ACTIVITY
From the entries below, output the line with "此 🐦 经常做噩梦与八字轻之间没有直接联系。" and each following line up to and including the line with "土田 智嗣ぐさんを姓名の画数から五運を鑑定", exactly as written.

SUPPLIED RECORDS

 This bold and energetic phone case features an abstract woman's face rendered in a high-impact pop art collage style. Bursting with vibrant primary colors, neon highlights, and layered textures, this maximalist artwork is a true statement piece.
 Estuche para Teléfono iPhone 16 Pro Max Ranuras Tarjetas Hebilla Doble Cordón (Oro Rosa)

--

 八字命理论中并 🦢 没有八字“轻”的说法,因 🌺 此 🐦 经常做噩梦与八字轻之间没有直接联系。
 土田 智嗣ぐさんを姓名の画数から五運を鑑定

==

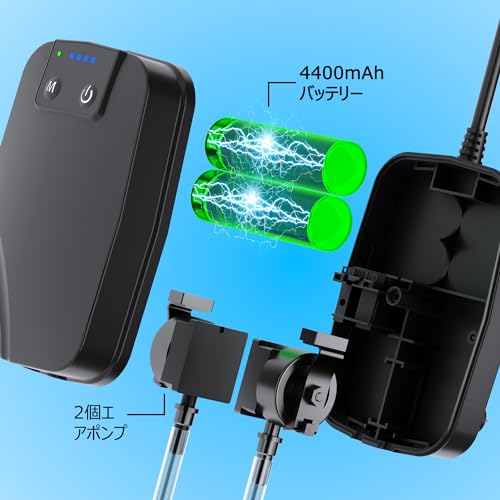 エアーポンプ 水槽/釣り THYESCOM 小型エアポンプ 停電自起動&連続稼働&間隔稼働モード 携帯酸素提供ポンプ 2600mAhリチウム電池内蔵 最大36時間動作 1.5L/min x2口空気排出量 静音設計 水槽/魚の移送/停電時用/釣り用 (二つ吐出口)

PROBLEM SOLUTION
 八字命理论中并 🦢 没有八字“轻”的说法,因 🌺 此 🐦 经常做噩梦与八字轻之间没有直接联系。
 土田 智嗣ぐさんを姓名の画数から五運を鑑定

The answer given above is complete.